§ **What you need to do**
Please, without any pictures, transcribe the lines from the one holding "Длина струи регулируется" to the end of the listing, both ends included.

§ **Source material**
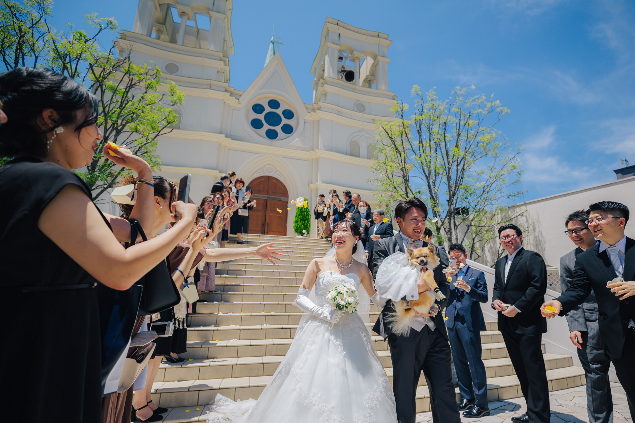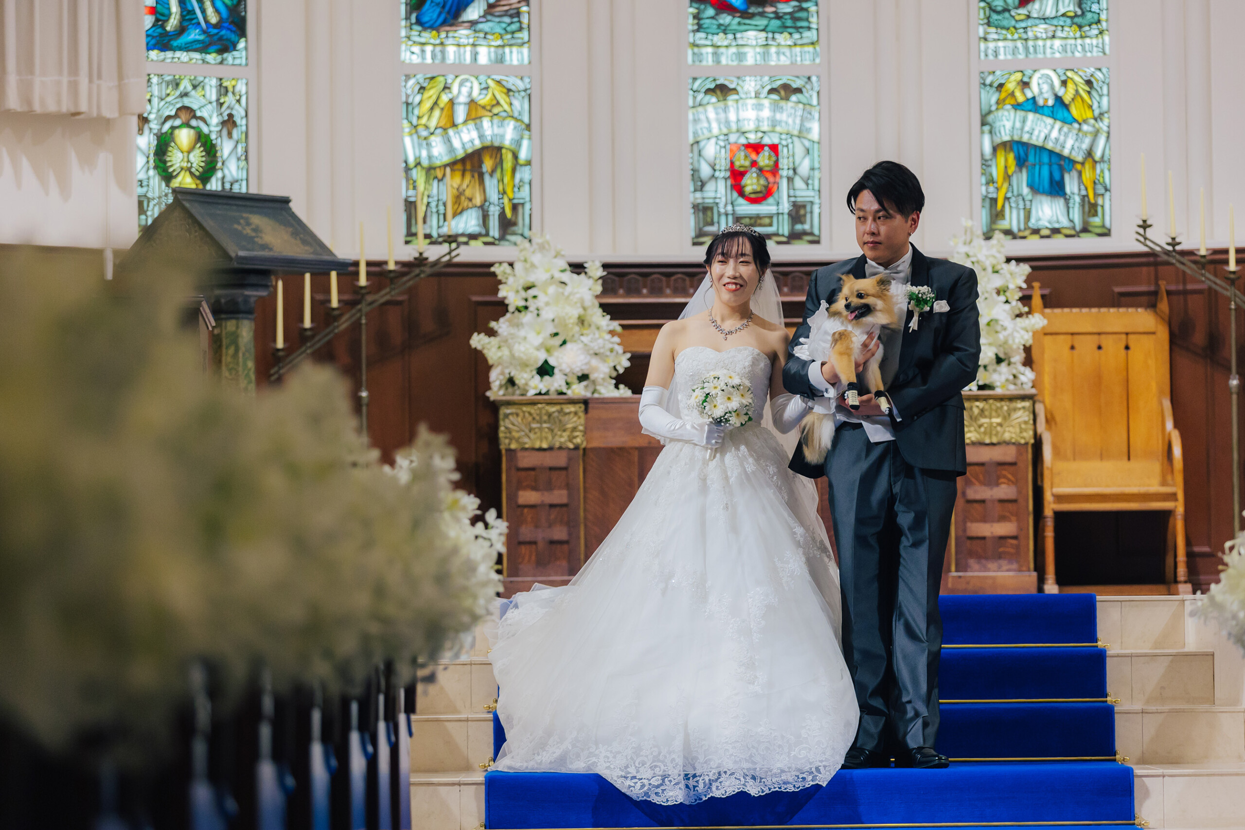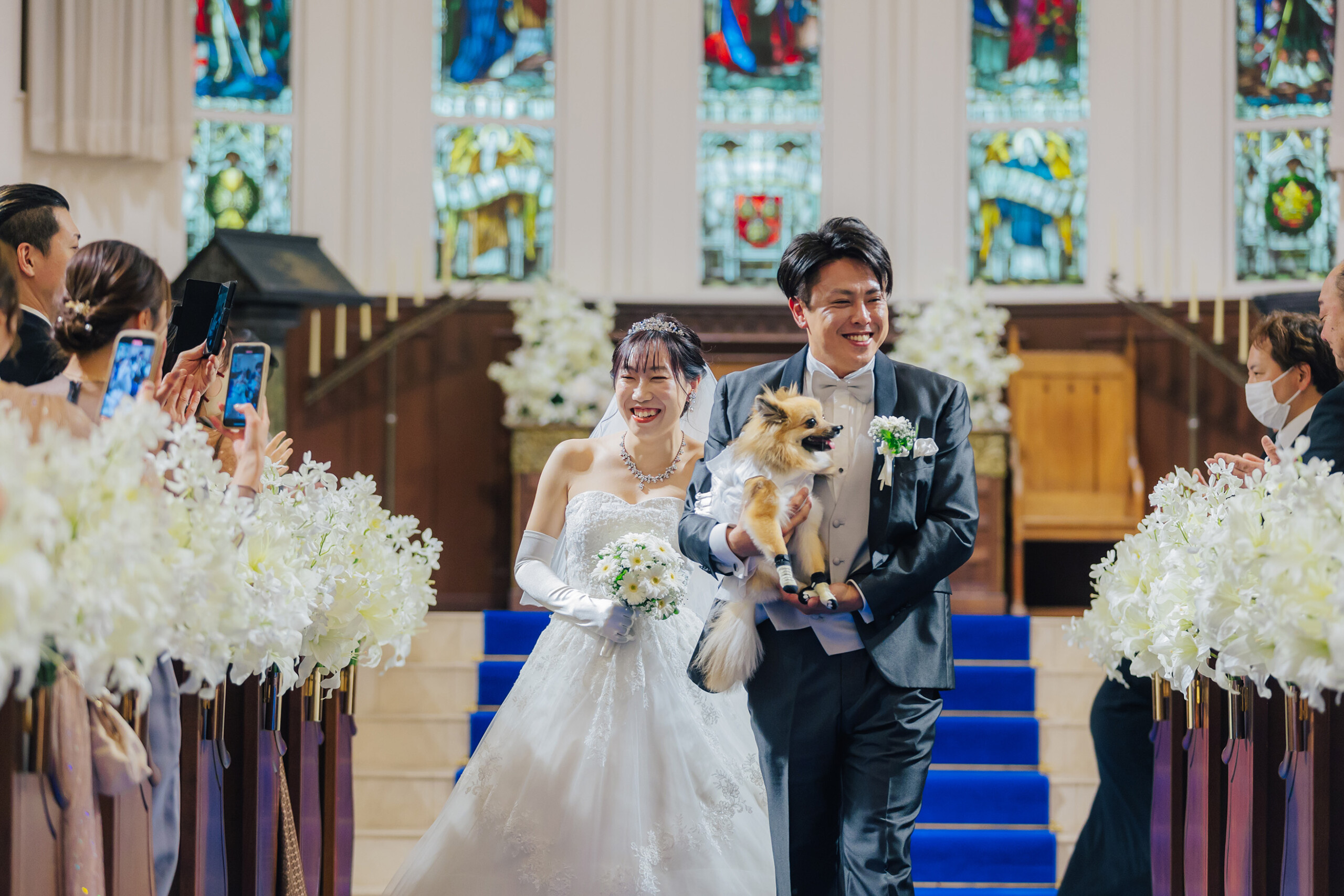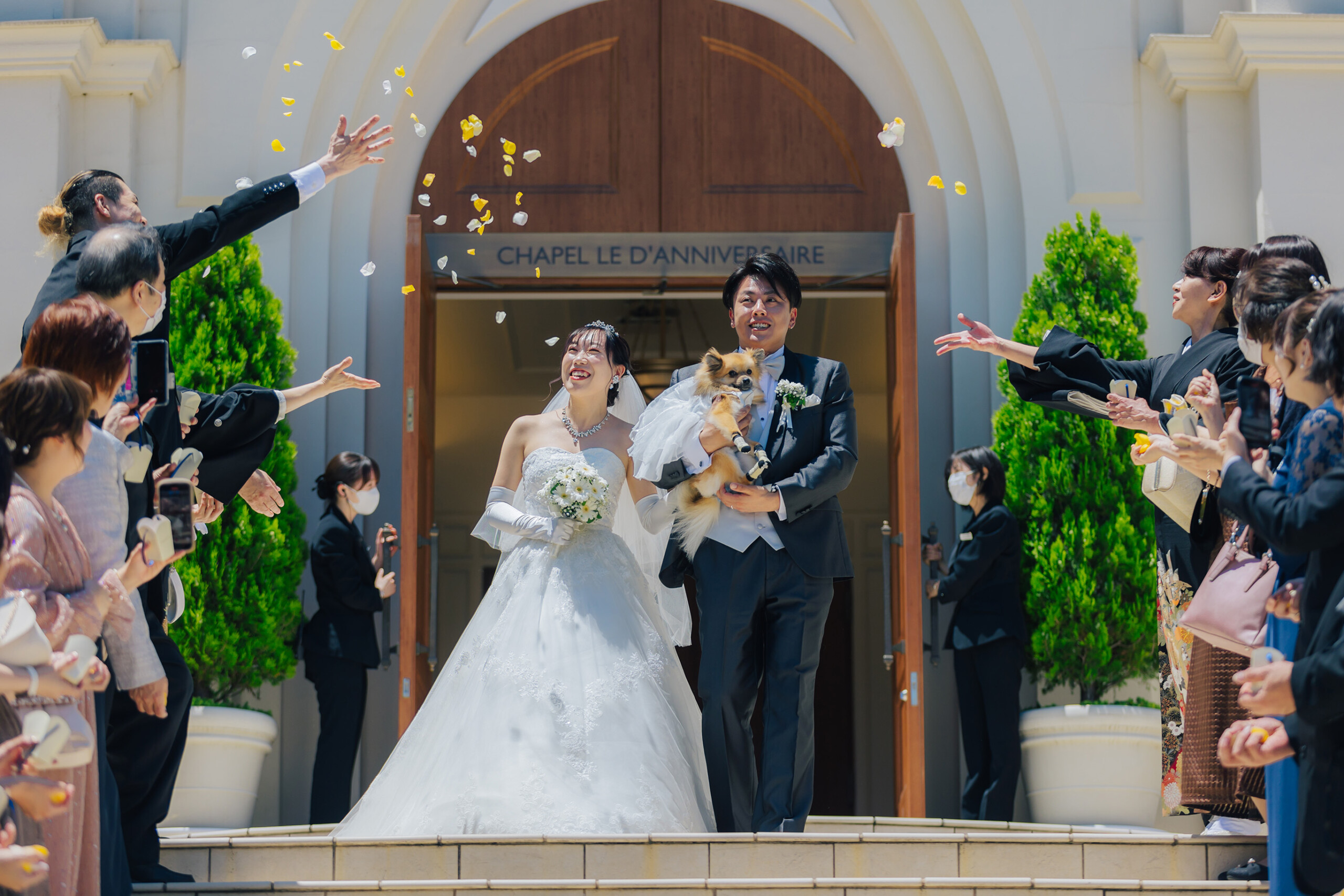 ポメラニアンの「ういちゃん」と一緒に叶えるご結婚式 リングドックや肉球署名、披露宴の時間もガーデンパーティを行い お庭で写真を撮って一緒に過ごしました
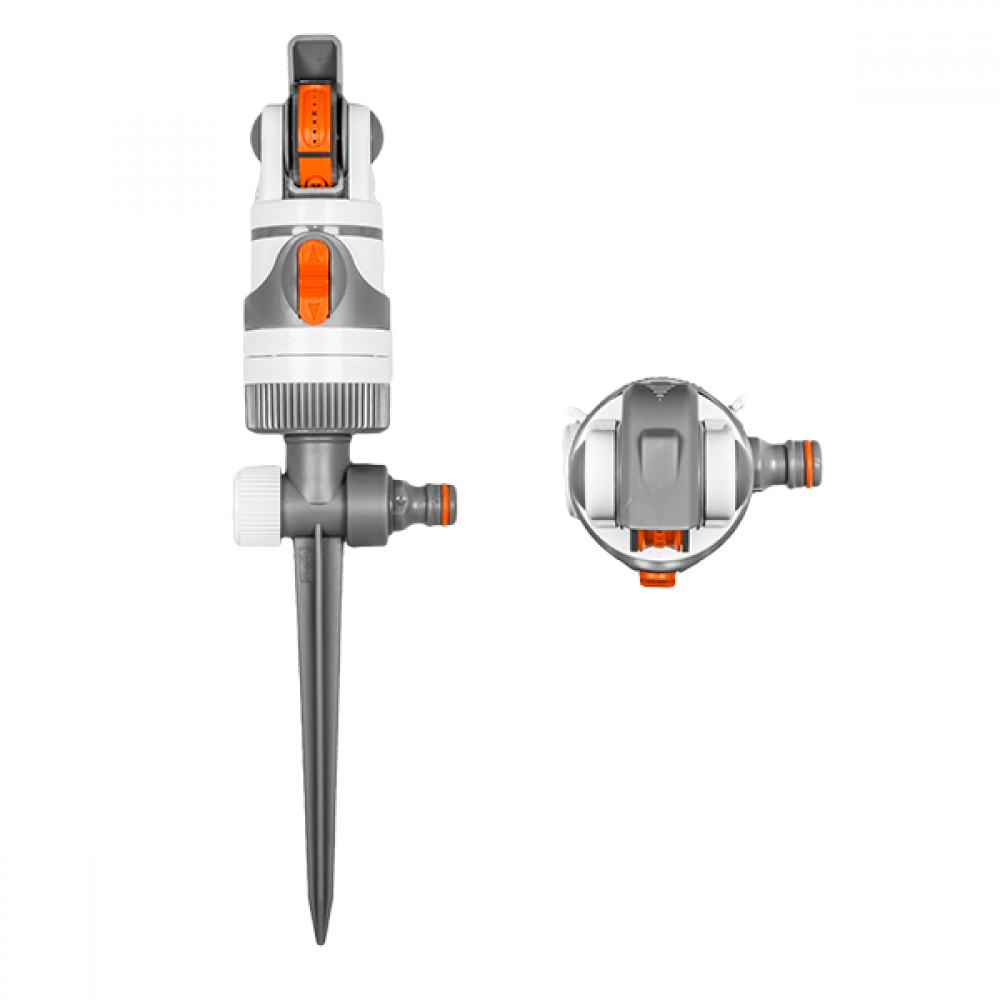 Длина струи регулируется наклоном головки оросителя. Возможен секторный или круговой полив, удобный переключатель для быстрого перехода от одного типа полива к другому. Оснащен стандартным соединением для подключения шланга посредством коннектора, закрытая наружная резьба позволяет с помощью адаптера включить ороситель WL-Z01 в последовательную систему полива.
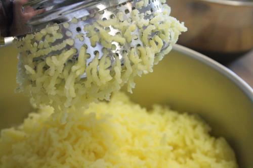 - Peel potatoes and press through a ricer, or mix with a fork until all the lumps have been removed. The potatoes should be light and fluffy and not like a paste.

§ **Response**
 Длина струи регулируется наклоном головки оросителя. Возможен секторный или круговой полив, удобный переключатель для быстрого перехода от одного типа полива к другому. Оснащен стандартным соединением для подключения шланга посредством коннектора, закрытая наружная резьба позволяет с помощью адаптера включить ороситель WL-Z01 в последовательную систему полива.
 - Peel potatoes and press through a ricer, or mix with a fork until all the lumps have been removed. The potatoes should be light and fluffy and not like a paste.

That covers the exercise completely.